● Data block

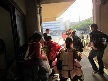 6年生が修学旅行から帰ってきました。バスから降りると,まず荷物を一つ運びます。さっと動ける6年生,さすがです。
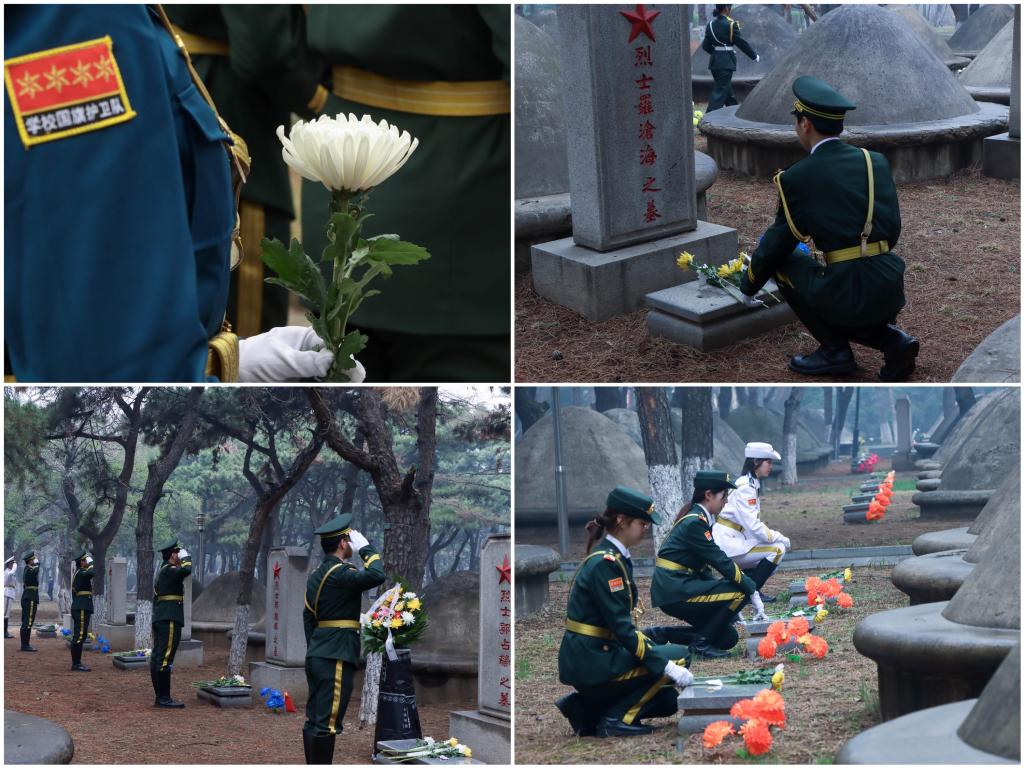 在烈士墓碑前,工作人员的指引和讲解帮助大家了解了当年为国捐躯的伟大战士们的英勇事迹,同学们于墓碑前有序为先烈代祭校区青年义捐的鲜花,每朵鲜花上都系着敬献人的姓名和寄语。这一座座的丰碑,象征着一份份忠诚,正是烈士们的浴血前行才为我们的同袍拼得一个无恙山河,他们的事迹值得我们缅怀,他们的精神值得我们歌颂。
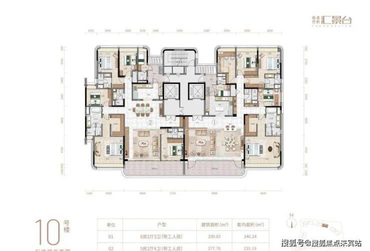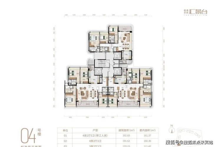 项目由14栋12层小高层组成,产品涵盖123-352㎡三至五房,共8类户型,户型实用率约82-84%
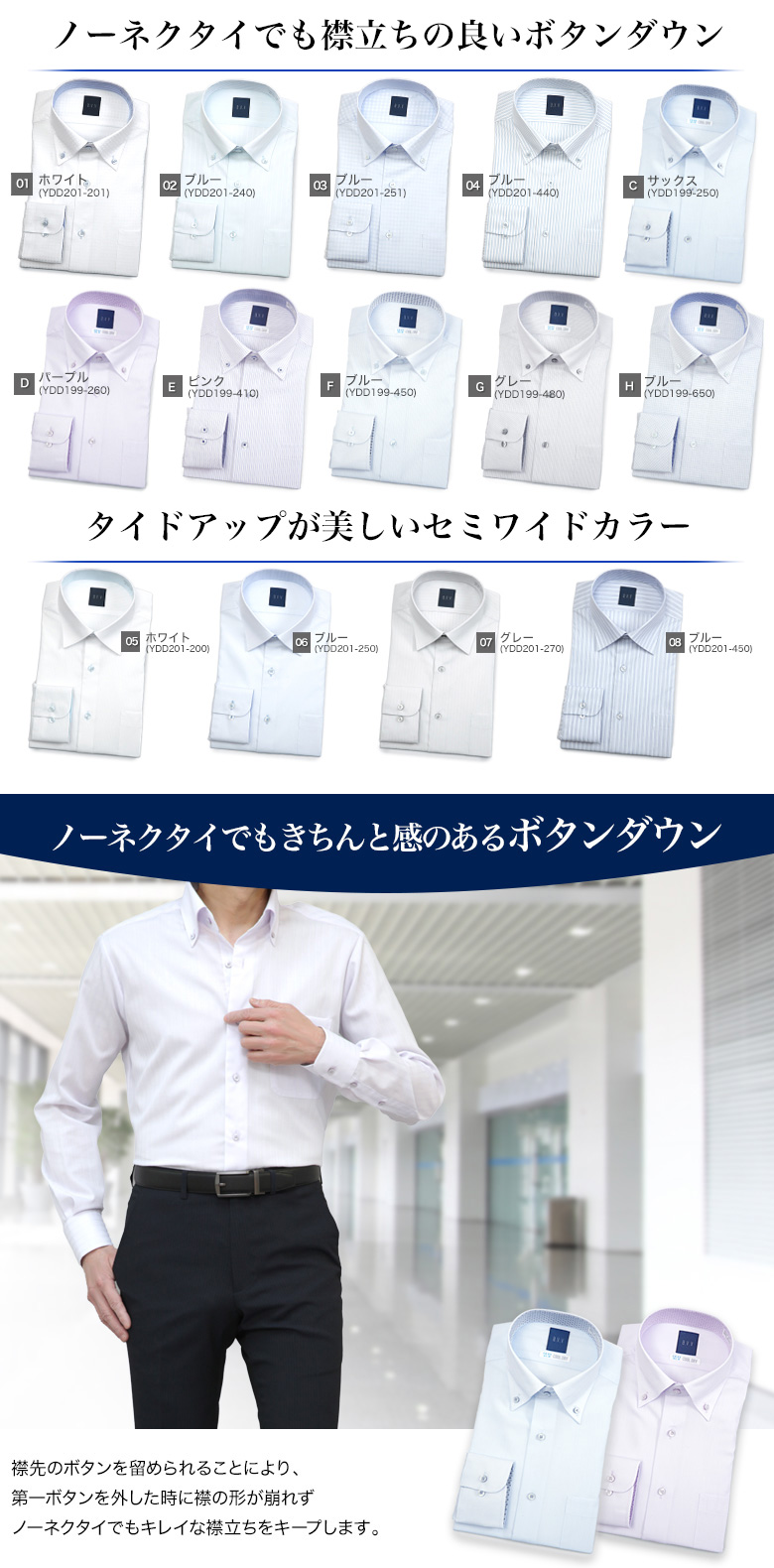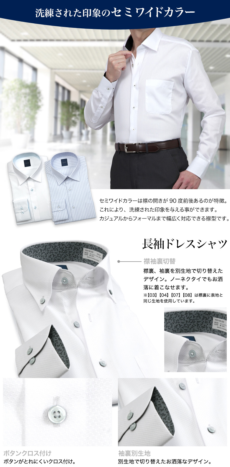 ノーネクタイでもきちんと感のあるボタンダウンと、タイドアップが美しいセミワイドカラーの2種類の衿型をご用意しました。多彩なバリエーションでスーツスタイルに限らずノーネクタイのジャケパンやカジュアルスタイルにもおすすめです。

● Work request
Go through the listing above and quote it exactly, apart from its images.

● Solution to this exercise
 6年生が修学旅行から帰ってきました。バスから降りると,まず荷物を一つ運びます。さっと動ける6年生,さすがです。
 在烈士墓碑前,工作人员的指引和讲解帮助大家了解了当年为国捐躯的伟大战士们的英勇事迹,同学们于墓碑前有序为先烈代祭校区青年义捐的鲜花,每朵鲜花上都系着敬献人的姓名和寄语。这一座座的丰碑,象征着一份份忠诚,正是烈士们的浴血前行才为我们的同袍拼得一个无恙山河,他们的事迹值得我们缅怀,他们的精神值得我们歌颂。
 项目由14栋12层小高层组成,产品涵盖123-352㎡三至五房,共8类户型,户型实用率约82-84%
 ノーネクタイでもきちんと感のあるボタンダウンと、タイドアップが美しいセミワイドカラーの2種類の衿型をご用意しました。多彩なバリエーションでスーツスタイルに限らずノーネクタイのジャケパンやカジュアルスタイルにもおすすめです。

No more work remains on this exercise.